Computer Science Department, Escuela Politecnica Superior, Universidad Autónoma de Madrid, 28049, Madrid, Spain.
Int J Neural Syst. 2012 Oct;22(5):1250018. doi: 10.1142/S0129065712500189. Epub 2012 Aug 23.
The graph clustering problem has become highly relevant due to the growing interest of several research communities in social networks and their possible applications. Overlapped graph clustering algorithms try to find subsets of nodes that can belong to different clusters. In social network-based applications it is quite usual for a node of the network to belong to different groups, or communities, in the graph. Therefore, algorithms trying to discover, or analyze, the behavior of these networks needed to handle this feature, detecting and identifying the overlapped nodes. This paper shows a soft clustering approach based on a genetic algorithm where a new encoding is designed to achieve two main goals: first, the automatic adaptation of the number of communities that can be detected and second, the definition of several fitness functions that guide the searching process using some measures extracted from graph theory. Finally, our approach has been experimentally tested using the Eurovision contest dataset, a well-known social-based data network, to show how overlapped communities can be found using our method.

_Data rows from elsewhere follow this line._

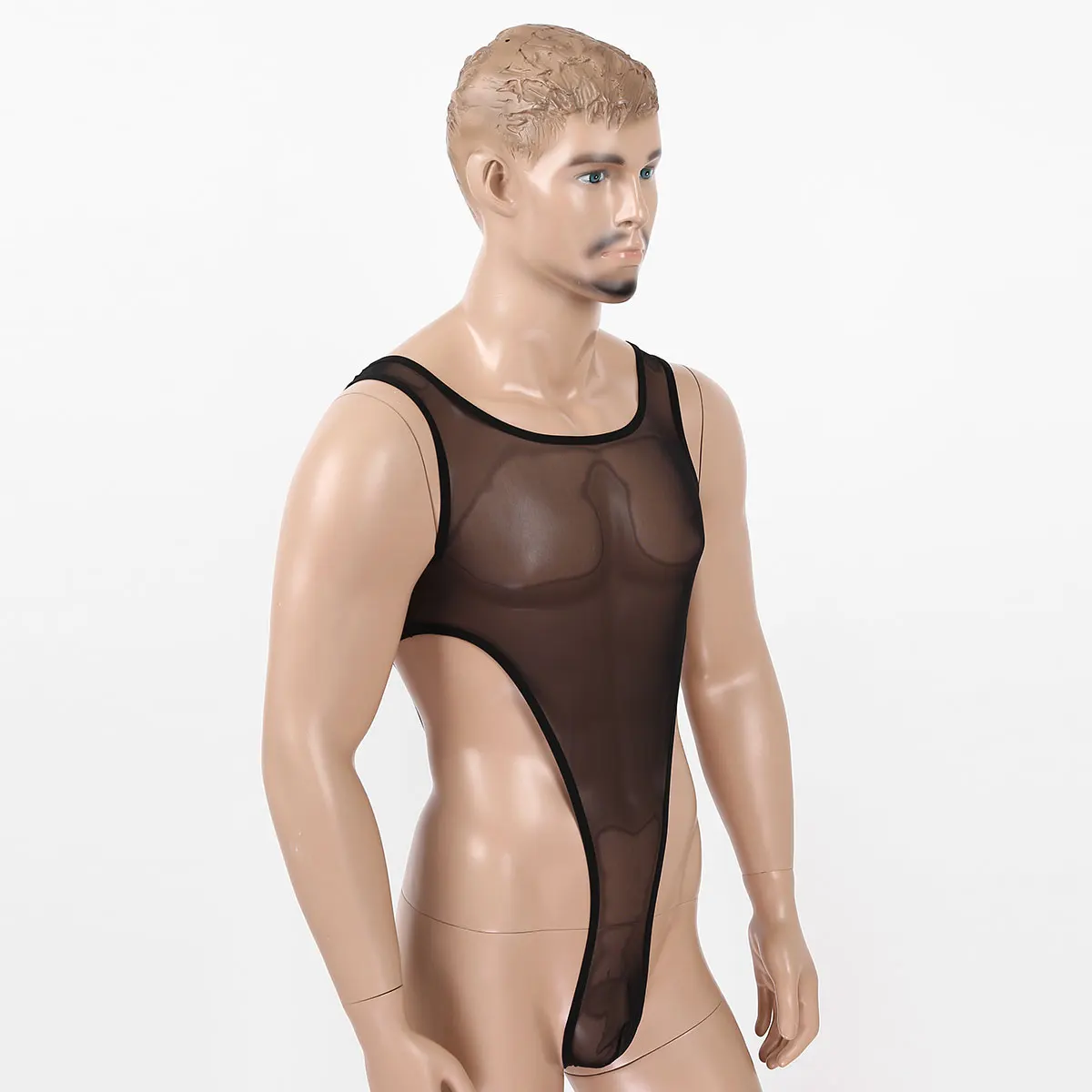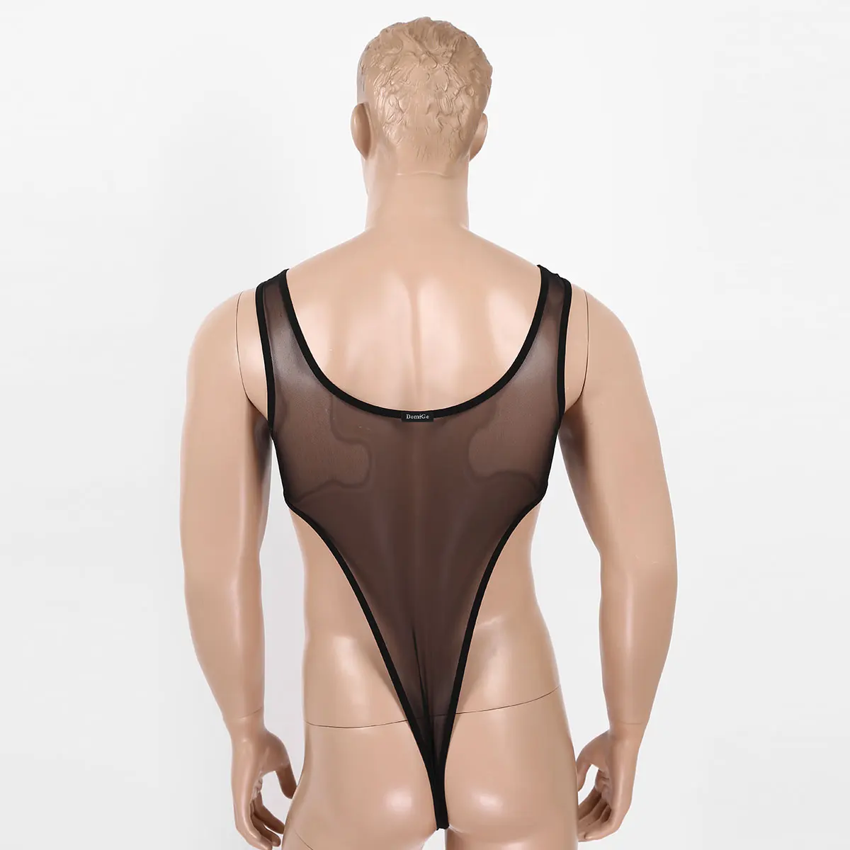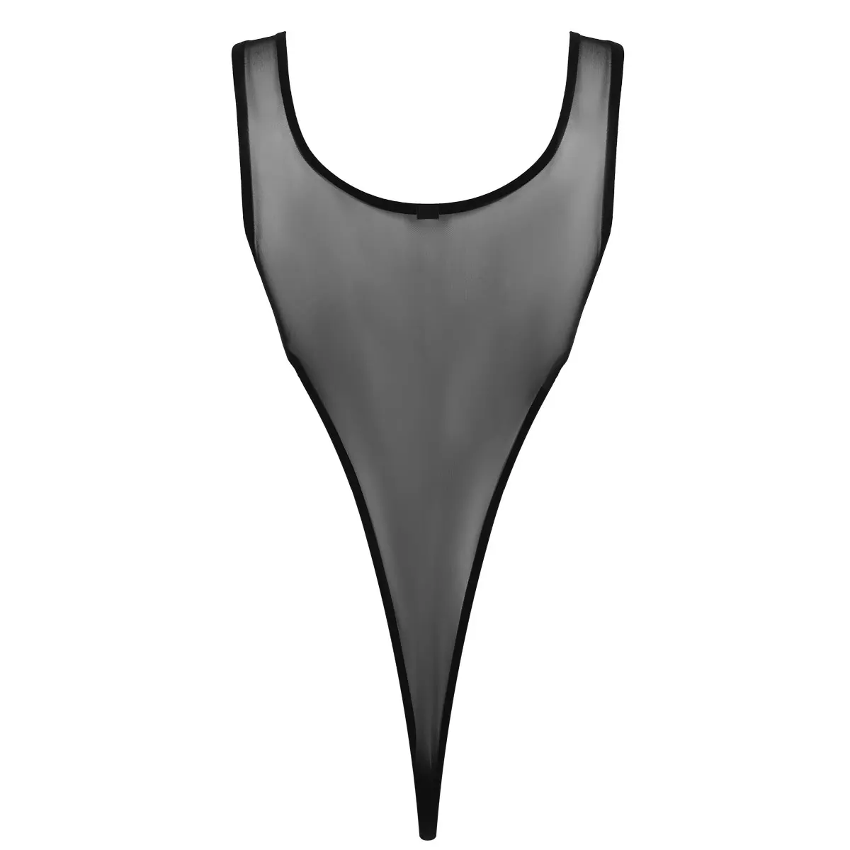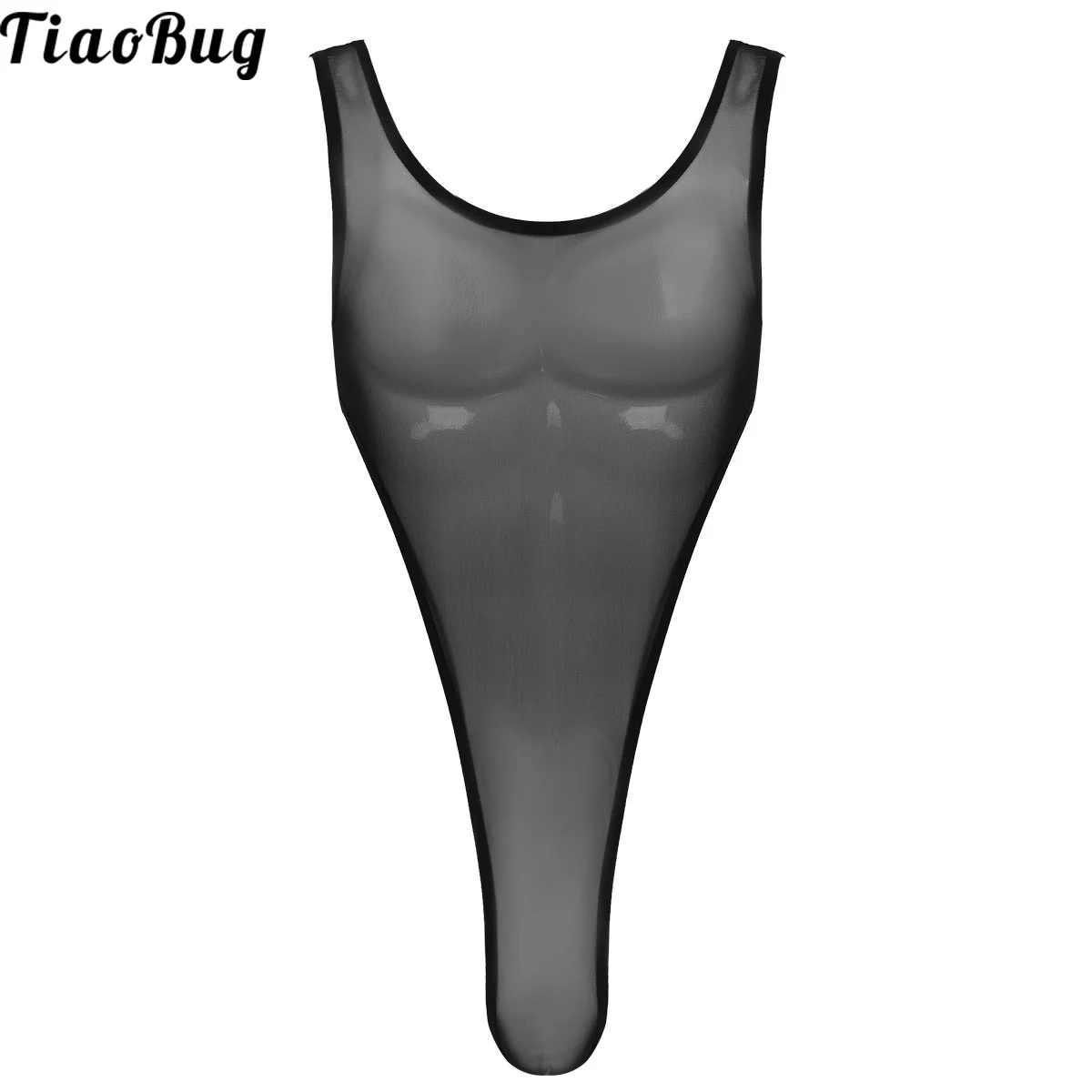 TiaoBug Мужской Цельный прозрачный сетчатый купальный костюм нижнее белье с U-образным вырезом без рукавов с высоким вырезом трико комбинезон купальник
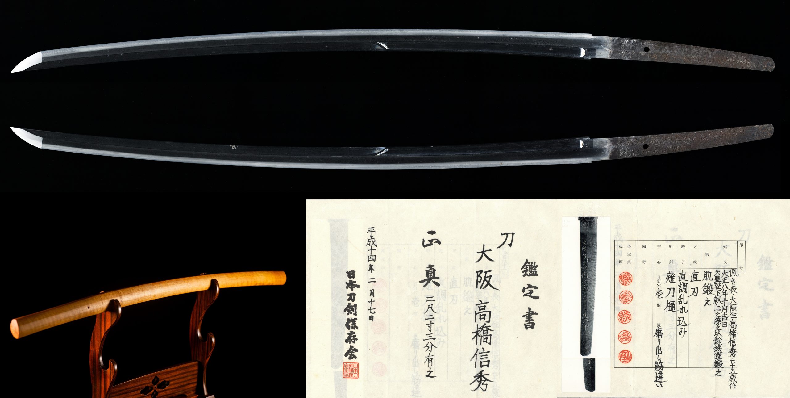 The blade is signed 大阪住 高橋信秀 (Ōsaka-jū Takahashi Nobuhide; sometimes rendered “Nobushide”) and dated 大正八年十二月吉日 (December 1919, Taishō 8). The nakago inscription adds an exceptionally uncommon, document-backed statement: “天皇陛下献上之際々…”, i.e., an explicit reference to an occasion of献上 (presentation/offering) to His Majesty the Emperor, together with the use of 余鉄 (yotetsu) in the forging. This is not modern marketing language: it appears both in the kanteisho and the official torokusho.
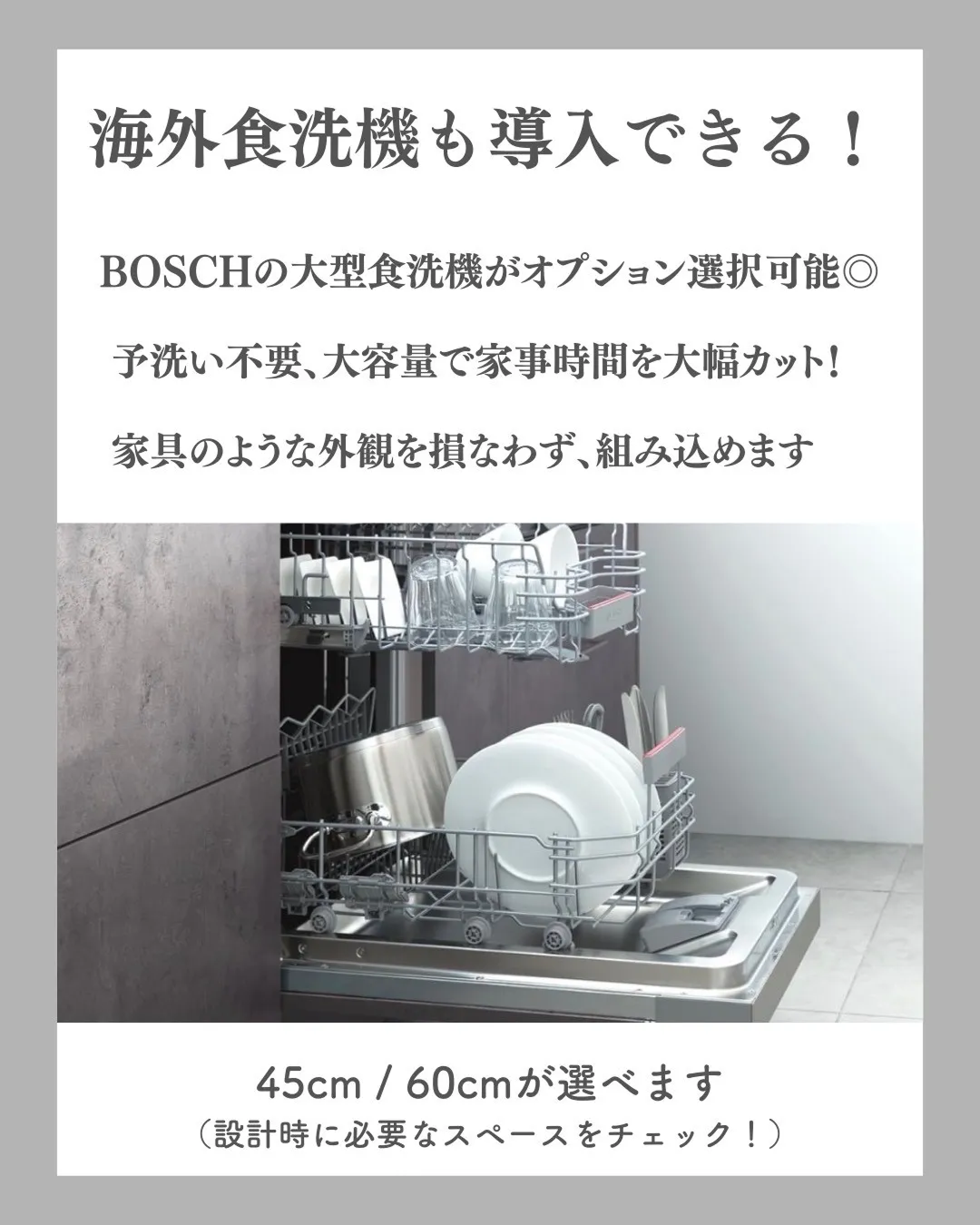 海外食洗機も導入できる! BOSCHの大型食洗機がオプション選択可能◎ 予洗い不要、大容量で家事時間を大幅カット! 家具のような外観を損なわず、組み込めます。45cm/60cmが選べます(設計時に必要なスペースをチェック!)。

由于几个研究社区对社交网络及其可能的应用越来越感兴趣,图聚类问题变得非常重要。重叠图聚类算法试图找到可以属于不同簇的节点子集。在基于社交网络的应用中,网络中的一个节点通常属于图中的不同组或社区。因此,试图发现或分析这些网络行为的算法需要处理这个特征,检测和识别重叠节点。本文提出了一种基于遗传算法的软聚类方法,其中设计了一种新的编码来实现两个主要目标:首先,自动适应可以检测到的社区数量,其次,定义几个适应度函数,使用从图论中提取的一些度量来指导搜索过程。最后,我们的方法使用 Eurovision 竞赛数据集进行了实验测试,这是一个著名的基于社交的数据网络,以展示如何使用我们的方法找到重叠社区。